Acknowledge the Audience

Picture yourself in front of the audience, about to deliver your speech. This is the moment when your relationship with your audience begins, and the quality of this relationship will influence how receptive they will be to your ideas, or at least how willing they’ll be to listen to what you have to say. One of the best ways to initiate this relationship is by finding a way to acknowledge your audience. This can be as simple as establishing eye contact and thanking them for coming to hear your presentation. If they’ve braved bad weather, are missing a world-class sports event, or are putting up with an inconvenience such as a stuffy conference room, tell them how much you appreciate their presence in spite of the circumstances. This can go a long way toward getting them “on board” with your message.

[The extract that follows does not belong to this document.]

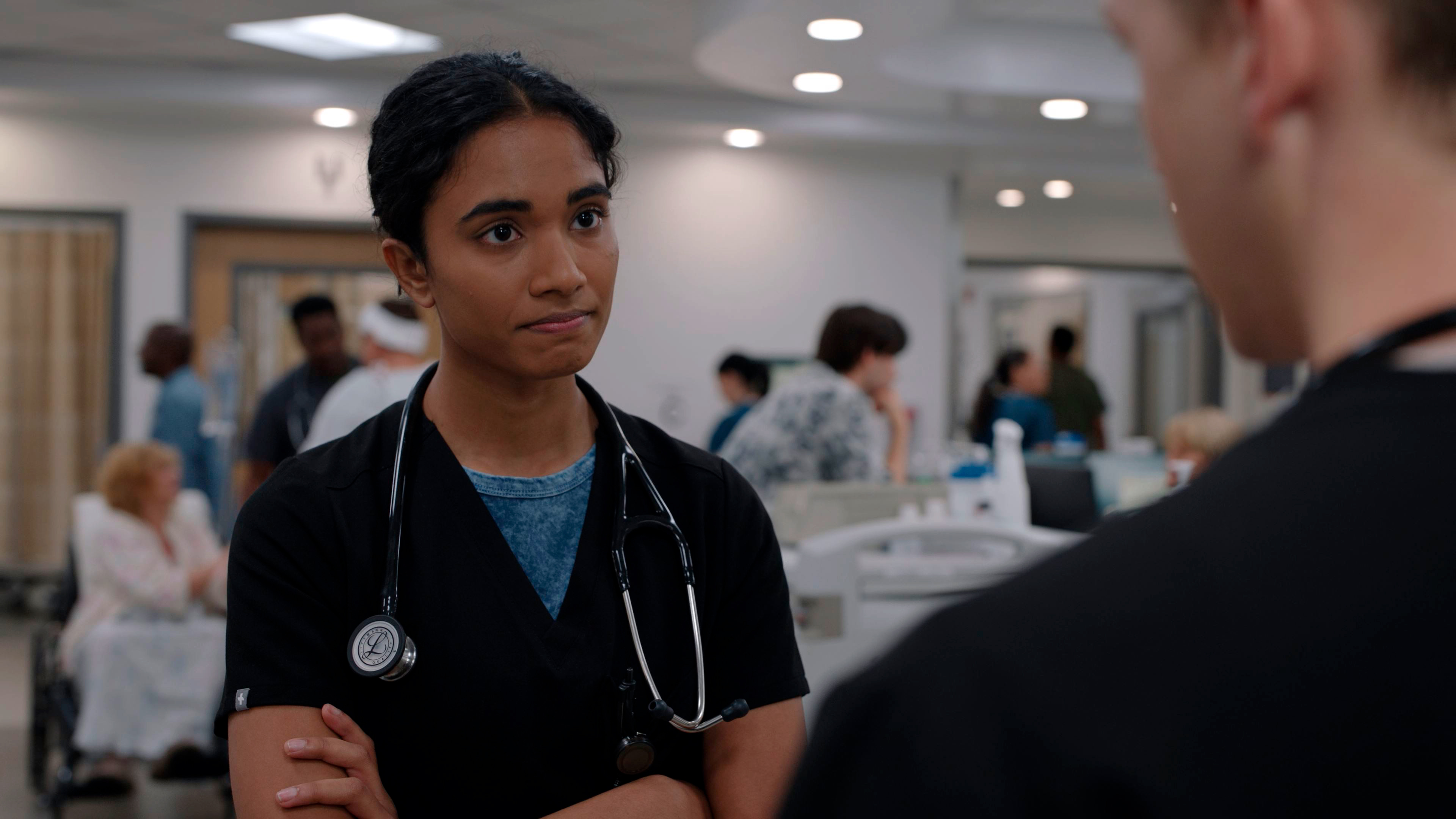 Из врачей на второе место я бы поставил Трэйси Айфичор, сыгравшую доктора Хизер Коллинз. Хизер работает во время тяжело проходящей беременности, у нее есть всякие личные проблемы, с доктором Робби ее явно раньше связывали какие-то отношения, и он к ней относится очень тепло. Трэйси - очень харизматичная актриса: вот вроде бы ничего такого экстраординарного она не демонстрирует, но персонаж очень заметный и интересный, обращает на себя внимание сразу же.

For a political candidate who is traveling from town to town giving what may be perceived as the same campaign speech time and time again, a statement like “It’s great to be here in Springfield, and I want to thank the West Valley League of Women Voters and our hosts, the Downtown Senior Center, for the opportunity to be with you today” lets the audience know that the candidate has at least taken the trouble to tailor the speech to the present audience. Stephanie Coopman and James Lull tell us that Microsoft chairman Bill Gates often adapts to his audiences by thanking them for their participation in the computer industry or for their preparation to participate in an electronic world. The authors say, “Even those brief acknowledgments let audience members know that Gates had prepared his speech with them in mind” (Coopman & Lull, 2009). We will cover audience acknowledgment further in Chapter 10.

Tailoring Your Topic

Oftentimes, your topic is semi-determined by your role or purpose for speaking in a particular environment. For instance, if you are a pre-k teacher speaking at an early education conference, you probably wouldn’t choose to speak about international trafficking or the need to spay and neuter pets. If you are endorsing a candidate for office, you will certainly want to speak about something related to that candidate rather than something outside the scope of their campaign. However, in both cases, there are myriad topics you can choose within the boundaries of what might be relevant, and your selection should reflect the knowledge, interests, needs, priorities, and values of your audience. Although there is no universal list of good or bad topics, you have an ethical responsibility to select a topic that will be interesting and relevant to your audience.

The classroom is no different. As a student delivering a speech in class, you will likely consider your fellow students as your audience, and it is important to choose a topic that is engaging and important to them. Sure, you might know a lot of detailed, complex, or technical information about a particular topic, but will your audience find it impossible to understand? Likewise, you might be tempted to choose an easy topic that most people in the audience already know about, but it might make them feel like you are wasting their time with a speech that is too obvious or simple. These are easy and understandable temptations to save time and effort, but the result is a speech that doesn’t achieve its objective. For example, if the purpose of your speech is to inform or persuade students in your public speaking class, topics such as campus parking problems, the Greek system (campus fraternities and sororities), or credit card responsibility may be easy to address, but they probably reiterate information and perspectives students have already heard. It will be obvious that you opted for ease rather than substance. To avoid this trap, seek a topic that will be novel and interesting both for you and your audience. You should also conduct some credible research to ensure that even the most informed audience members will learn something from you. Consider topics that are current and emerging. What do you think should be on students’ radar that isn’t? What issues are overlooked, under-represented, or misunderstood? Where can you add a new perspective to a familiar topic? Topics that add to an ongoing conversation or that require the audience to consider new information will be more likely to hold their interest than something they’ve heard about time and time again.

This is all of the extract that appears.